Как мы видели выше, сердцевину объясняющей теории составляет модель, отвечающая на вопрос, «как работает такая-то часть мира», каковы ее элементы и как они сочета­ются вместе. Специальные причинные суждения встроены в такую модель и являются объектом эмпирической провер­ки, но они зависят от основных предпосылок всей модели. Некоторые из возражений «причинным теориям» в социологии направлены против конкретных видов статистиче­ских моделей (например, в литературе, описывающей при­обретение «статуса»), целиком построенных на уровне от­дельных высказываний. Но хотя такие модели могут быть излишне жестко привязанными к конкретной совокупно­сти данных определенного исторического периода и не мо­гут выразить в явном виде структурные условия, упорядо­чивающие эти процессы, — это не значит, будто такие при­чинные связи нельзя встроить в значимую теорию более обширного социального мира (см.: [11]).

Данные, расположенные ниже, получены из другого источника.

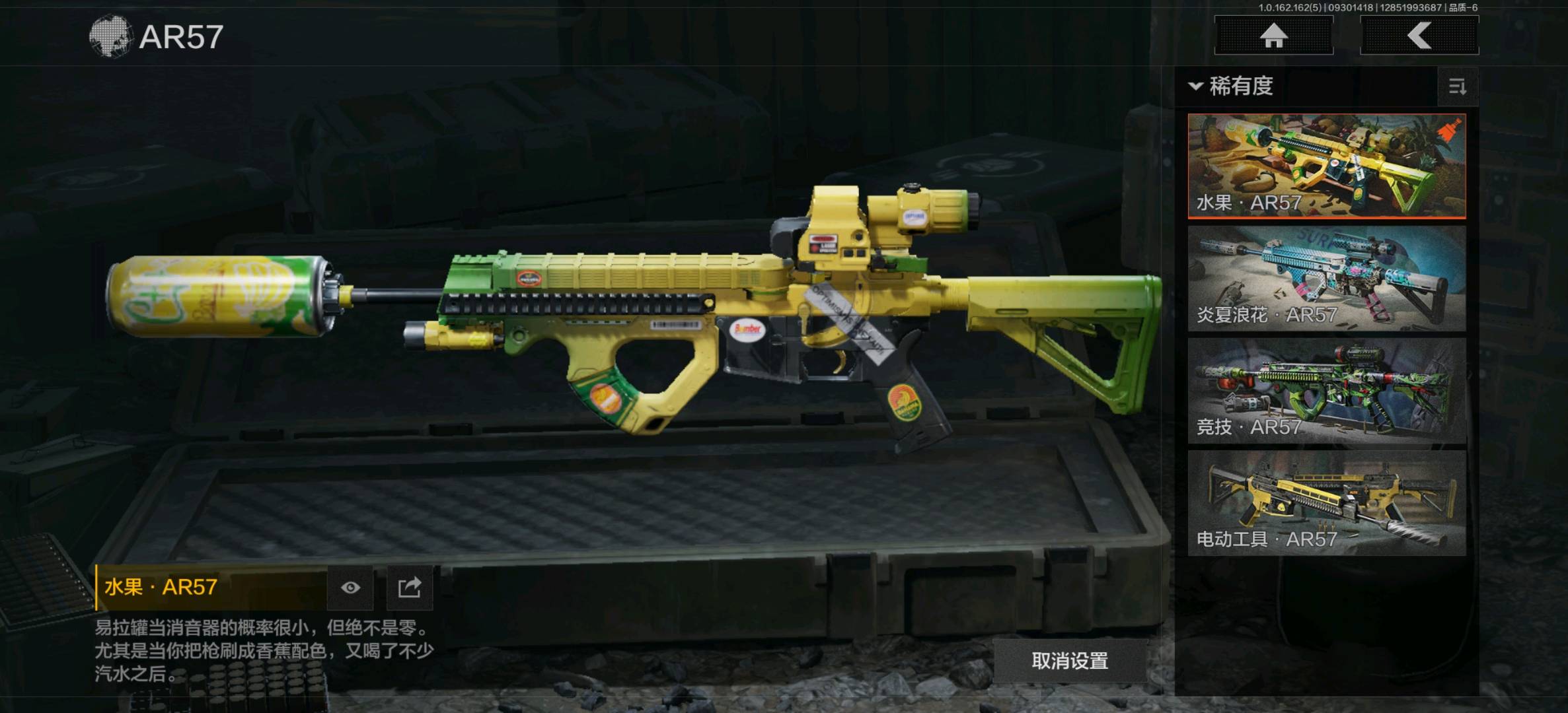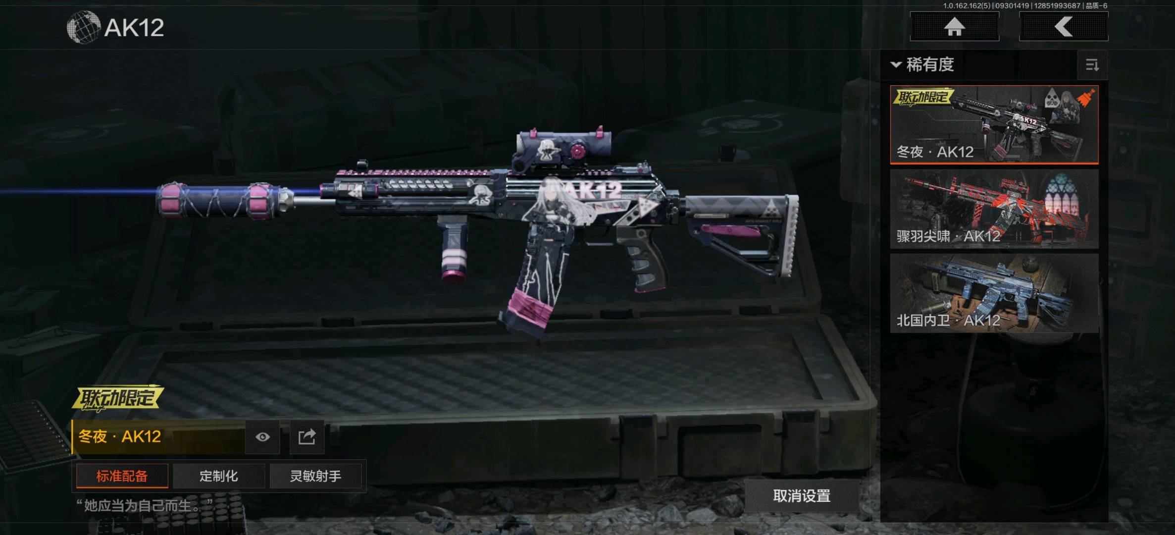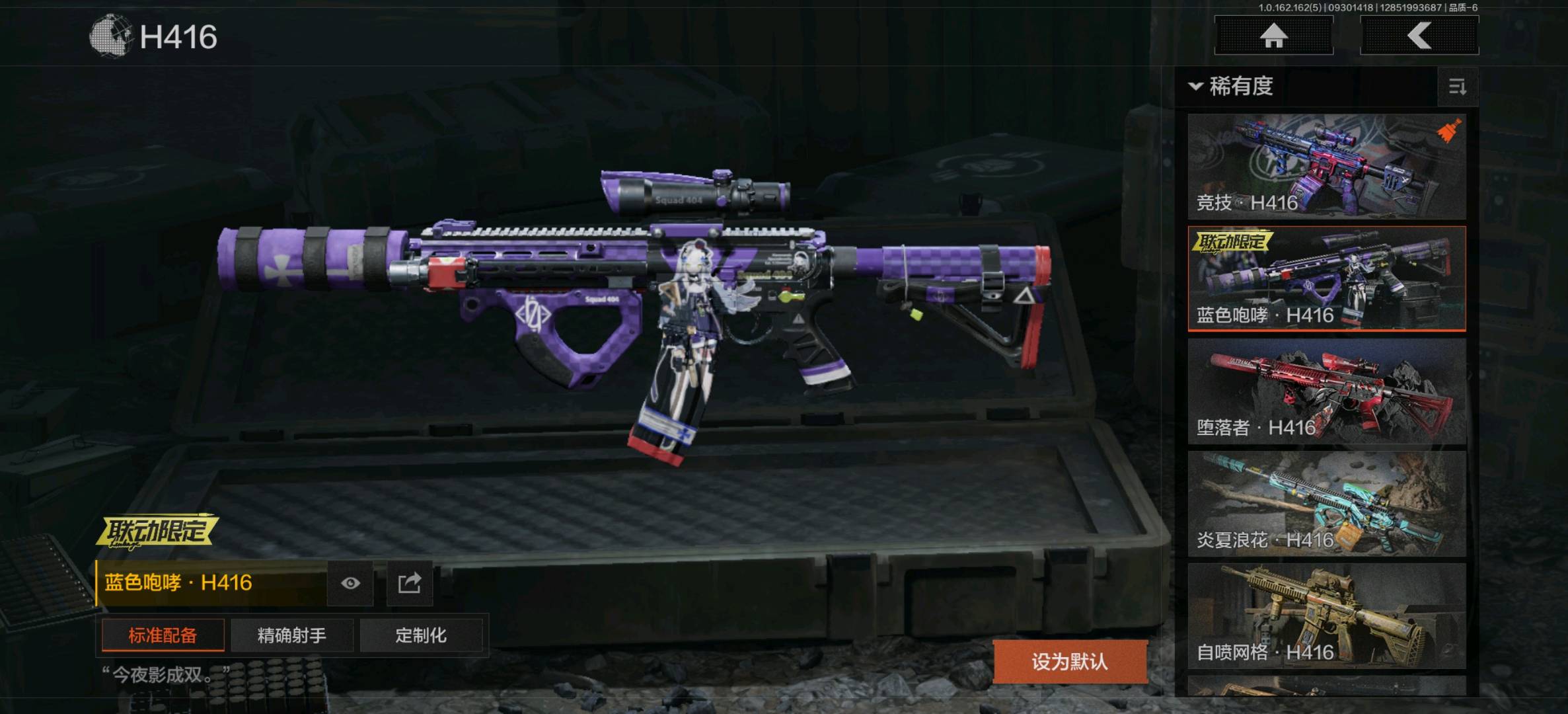 竞技FAL,诸星之子FAL,伸冤者迷踪M4A1,竞技H416,蓝色咆哮H416,堕落者H416,水果AR57,旗帜AEK,银月AN94,冬夜AK12,和平之手FAL,缟兵玄墨AKM,来战AKM,深暗星云M4A1,黑金国际M4A1,炎夏浪花H416,自喷网格H416,德尔塔小队H416,鱼跃丹青DTMDR,竞技MDR,北国内卫MDR,涂鸦AK102,火力倾泻AUG,竞技AUG,棱光裂变AK74N,来战AK74N,山地伪装AK74N,莫克斯AKS74U,骑士之剑AKS74U,赢家F2000,钢铁真理F2000,危崖敌影F2000,炎夏浪花AR57,竞技AR57,棱光裂变ACE31,骑士之剑ACE31,湖冰倒影ACE31,轰炸小子ACE31,最后防线AEK,火绒AN94,北国内卫AN94,靶场潮流AN94,壁垒AN94,百锻寒芒T951,靶场潮流SCAR,武侍FAMAS,缟兵玄墨T03,玄戈梨花T03,彻甲铜斑T03,骤羽尖啸AK12,鱼跃丹青MCX,07式林地迷彩QBZ191;

С. Тернер [67] выдвигает более специальное возражение против причинных высказываний в форме «чем больше X, тем больше Y». Он доказывает, что такие суждения буквально неверны, если только рассматриваемая корреля­ция не является идеальной. Но на эмпирическом уровне всегда найдутся исключения, и, следовательно, такие суж­дения не имеют логического обоснования. Тернер отрицает, что несовершенную корреляцию можно толковать как не­которое приближение к истинным причинным отношени­ям. Он придерживается взгляда, что не существует логиче­ского пути от общих суждений (которые всегда идеализиро­ваны и «совершенны») к беспорядочному миру неточных отношений. Статистика не дает никакого ответа на этот коренной вопрос. Теория всегда недостаточно подтверждена данными, и широкий и открытый плюрализм теорий есть следствие того, что вероятное и гипотетическое всегда пре­будет с нами.

Доводы Тернера ведут, однако, к абсурдным крайностям. Поверит ли кто-нибудь на самом деле, что если мы имеем внушительное число весьма достоверных суждений типа «в большой доле случаев (в диапазоне значений вероятно­сти) наблюдается, что чем больше X, тем больше У»,— то и тогда мы все еще ничего не узнали? Аргументация Терне­ра бьет и по социологии, и по естественным наукам. И, еще раз повторю, я был бы счастлив, если бы социология достигла такого уровня приближения к абсолютной досто­верности и прагматических успехов, как другие науки, что бы там ни говорили пуристы вроде Тернера о логиче­ском статусе такого знания*.

* Как указывает Д. Уиллер [76, 43, 220], физики обычно проводят эксперименты не с целью достичь статистической достоверности, а чтобы найти область условий, при которых сохраняет значимость некое теоретически выведенное соотношение. Уиллер комментирует: «Физики были бы удовлетворены экспериментом, если бы его результаты укладывались в область десятикратного или даже большего отклонения от теоретически предсказуемых значений переменной. Обычно учитывались эксперимен­тальные ошибки такого рода, и никто даже не задумывался проверить ре­зультат статистически... Что же могут значить разговоры о физике как точной науке? Точность означала точное использование теории, но необя­зательно точное производство чистых результатов» [76, 220].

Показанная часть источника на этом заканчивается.